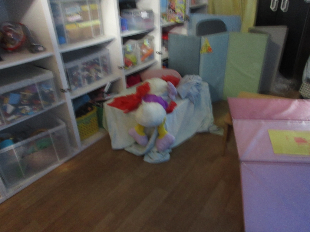 保健室チームはテーブルと大きなタオルケットを駆使してベッドを制作。その下からお化けが手を伸ばしていきます。
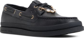 A rubberized mudguard that protects the premium leather offers a bold look, while a detachable faux-pearl embellishment adds a glam flourish to this updated boat shoe. A 360-degree Lacing System perfects the fit and Sperry's Wave-Siping™ enhances grip in wet or dry conditions.
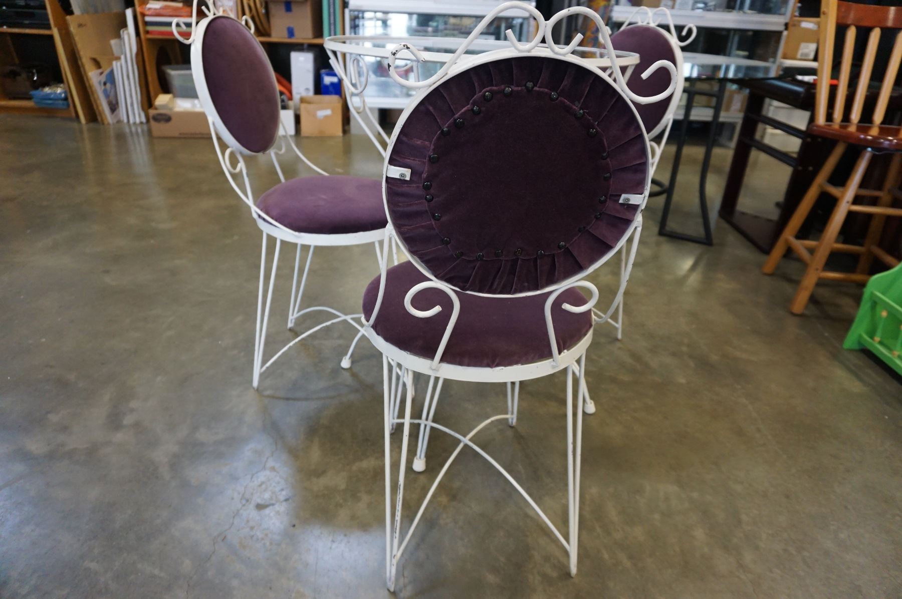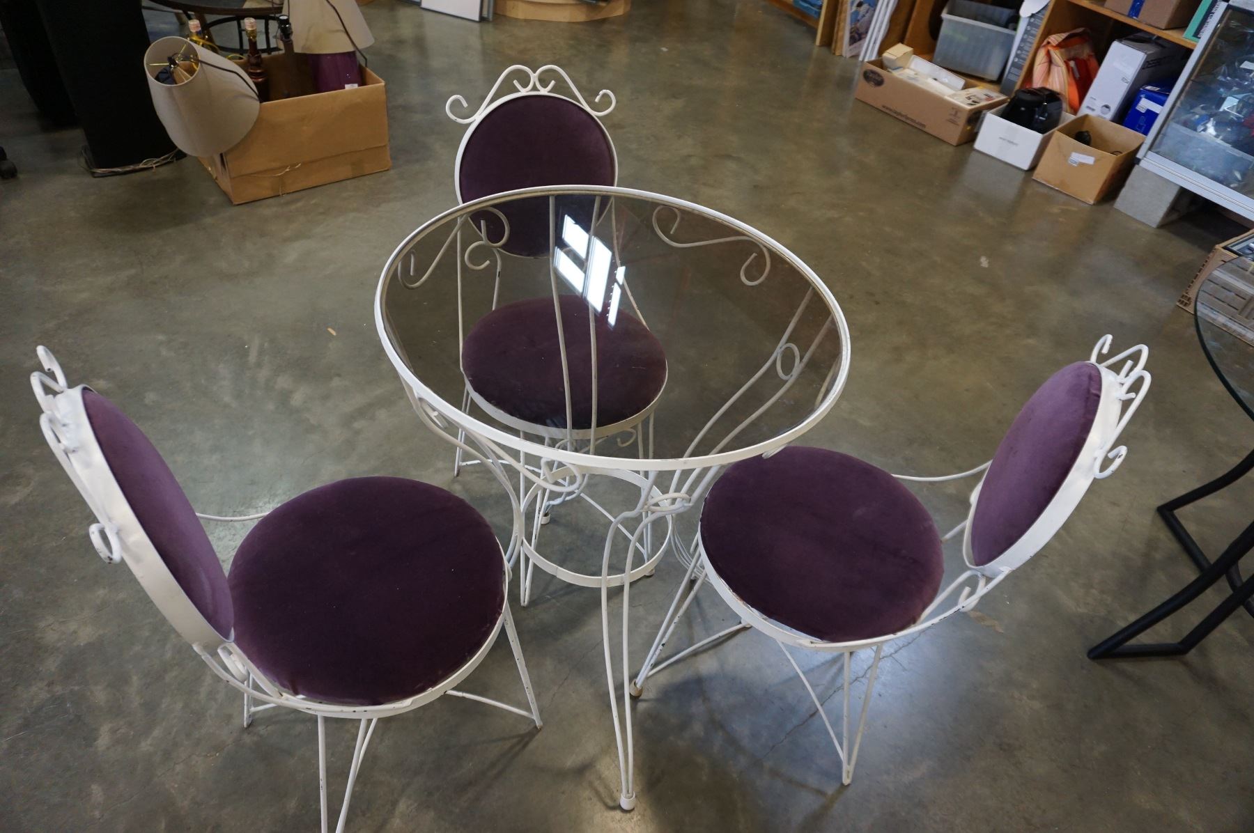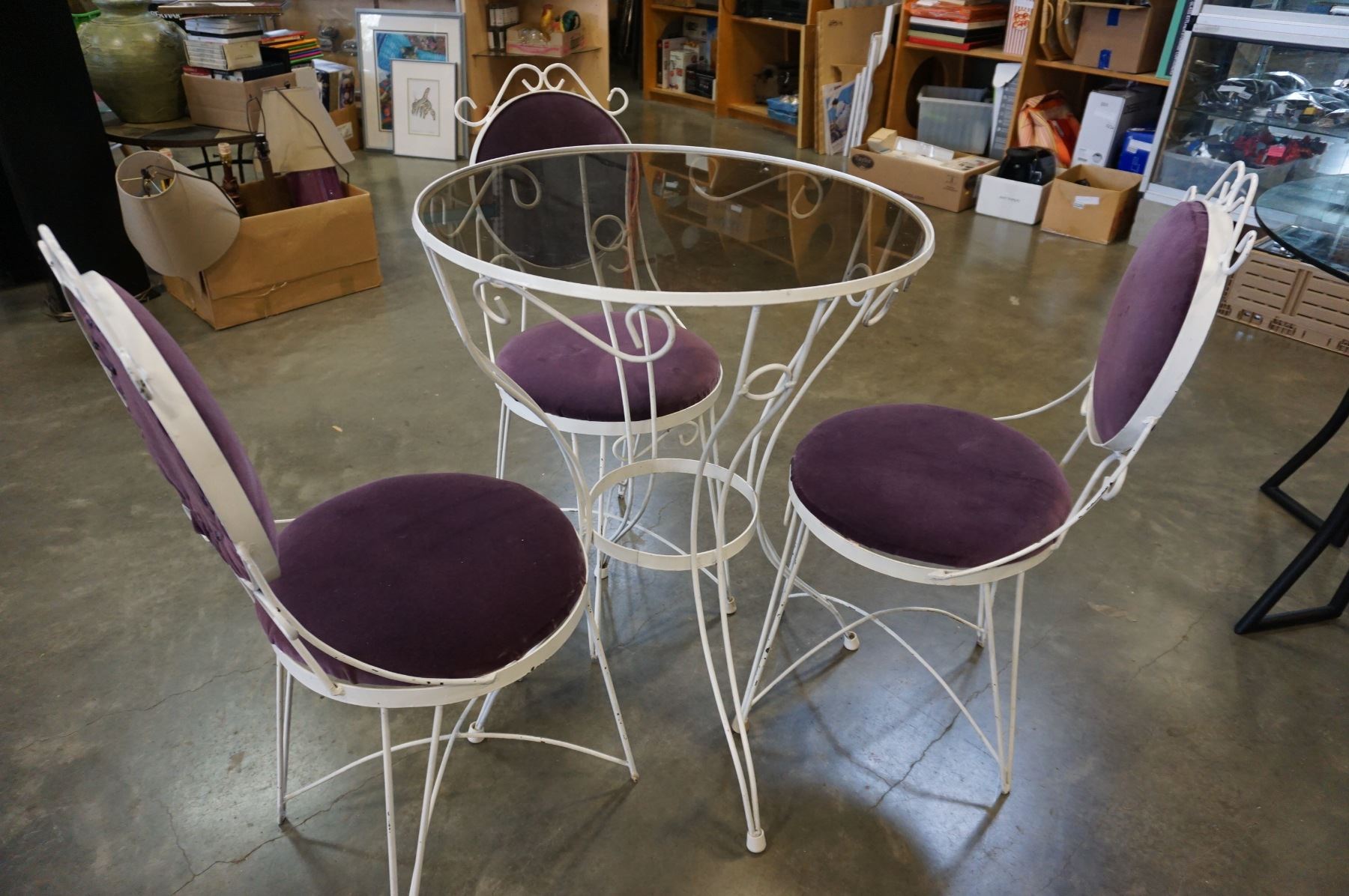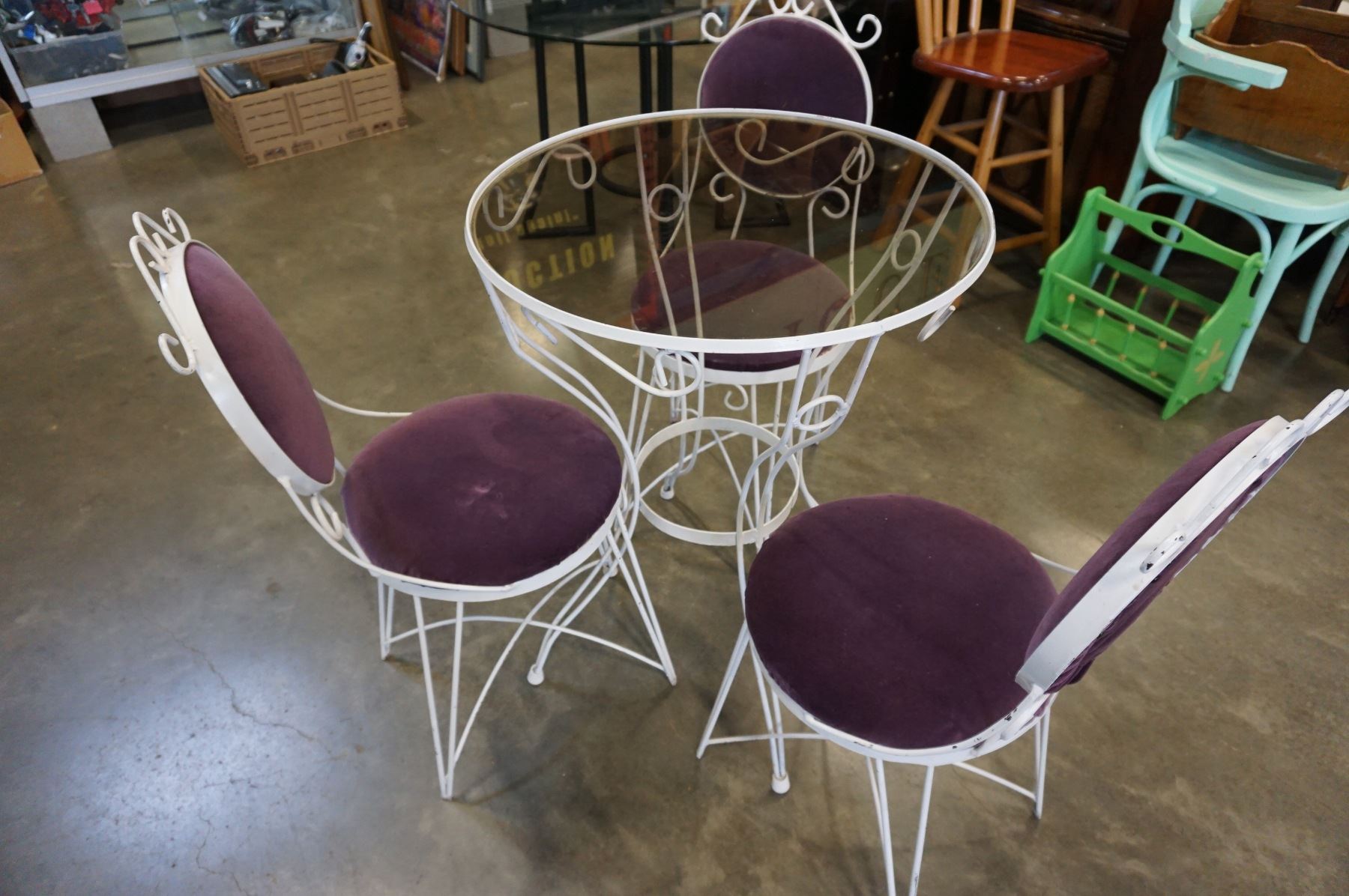 WHITE METAL GLASS TOP PATIO TABLE W/ 3 CHAIRS
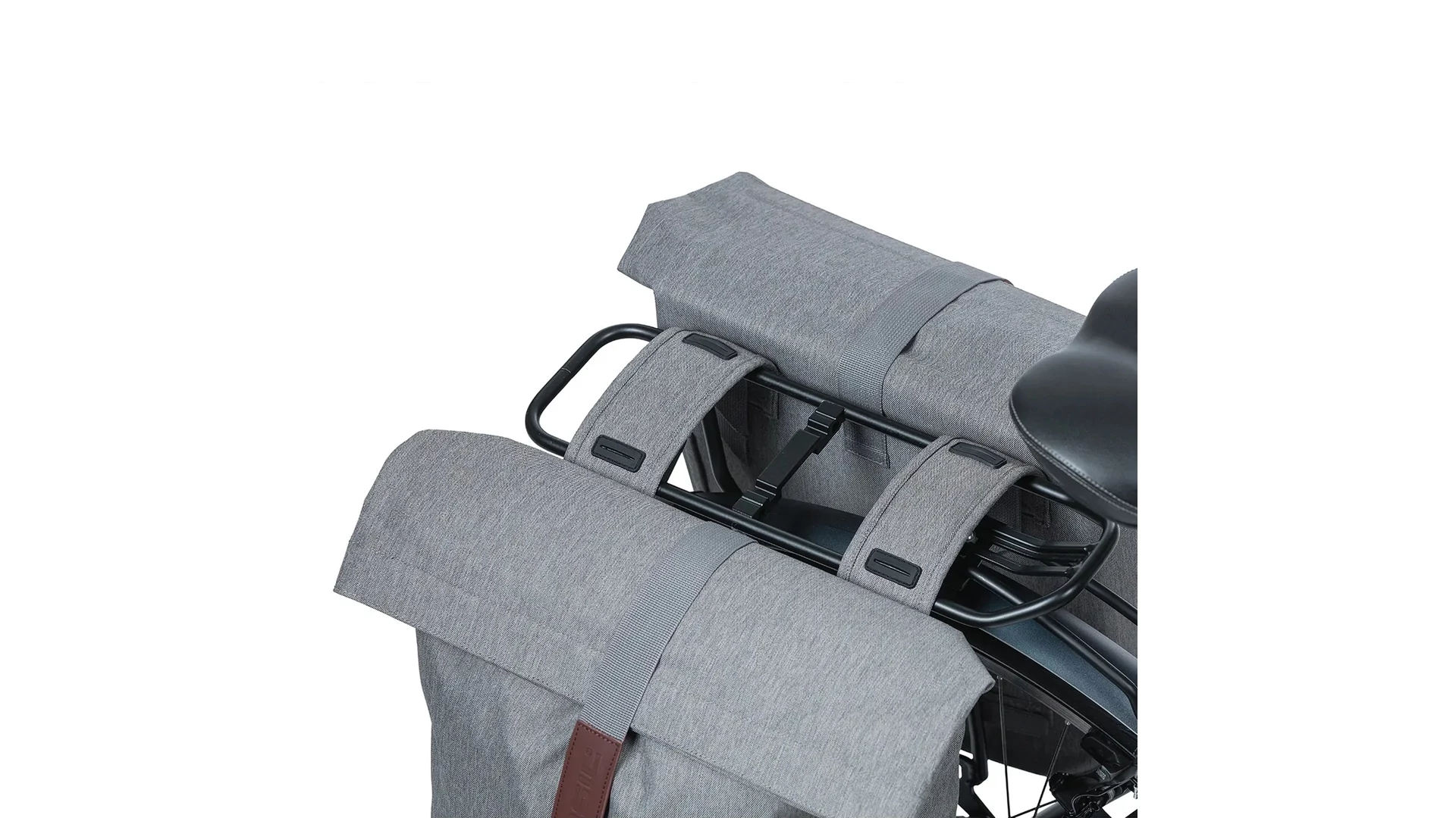 A Basil City dupla oldaltáskát egyszerűen rögzítheted a csomagtartóra a Universal Bridge rendszer segítségével. Ennek köszönhetően többféle rögzítési mód közül választhatsz: felszerelhető az előre rögzített pántokkal, a Basil DBS rendszerrel (levehető csomagtartólemezek), vagy adapterlemezzel, például MIK rendszerrel. Ezek a rendszerek külön vásárolhatók meg.
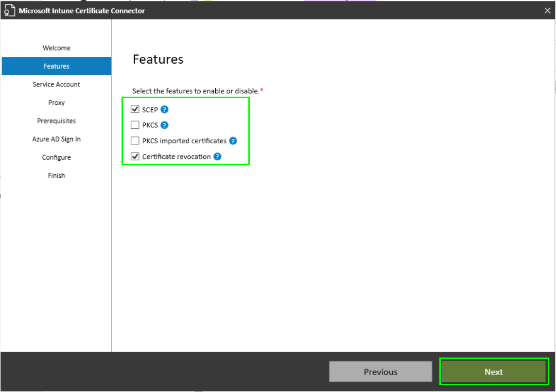 Check the features that you need. This example will talk about SCEP certificates so I am checking SCEP and Certificate revocation:
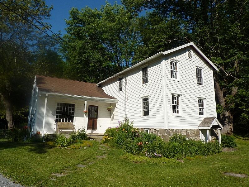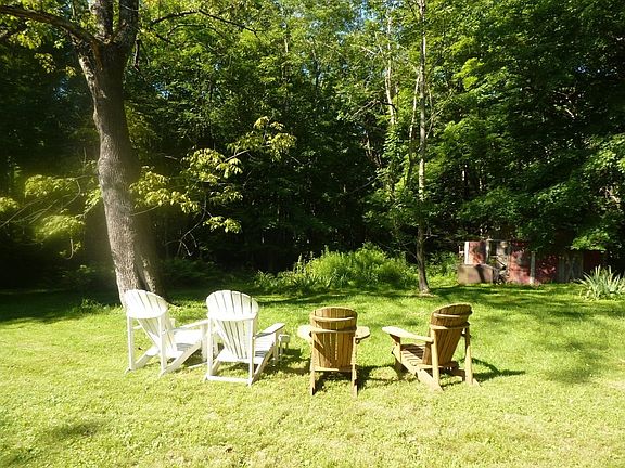 Charming 3 BR farmhouse-style Colonial;picturesque 2.25 acres bordering babbling brook;HUGE STUDIO w/gleaming HW flrs;ideal office/ studio;spacious EIK;newer furnace;AG oil tank;new septic to be instd Ample living space in neutrally-decorated living room and dining room; two-story studio features 27 x 20 great room w/hardwood floors; second story loft; and propane gas heat. Enjoy the serene woodland setting, nicely-landscaped perennial garden, and the distant murmur of the bordering stream. Close to nature, yet just minutes from convenient Rt. 23 commuter route, schools, shopping! New septic to be installed
----
> **About this task**:
Nothing but the lines from the one containing "A Basil City" through the one containing "Check the features" should appear, copied exactly from the material above and without pictures.

> **Task output**:
 A Basil City dupla oldaltáskát egyszerűen rögzítheted a csomagtartóra a Universal Bridge rendszer segítségével. Ennek köszönhetően többféle rögzítési mód közül választhatsz: felszerelhető az előre rögzített pántokkal, a Basil DBS rendszerrel (levehető csomagtartólemezek), vagy adapterlemezzel, például MIK rendszerrel. Ezek a rendszerek külön vásárolhatók meg.
 Check the features that you need. This example will talk about SCEP certificates so I am checking SCEP and Certificate revocation:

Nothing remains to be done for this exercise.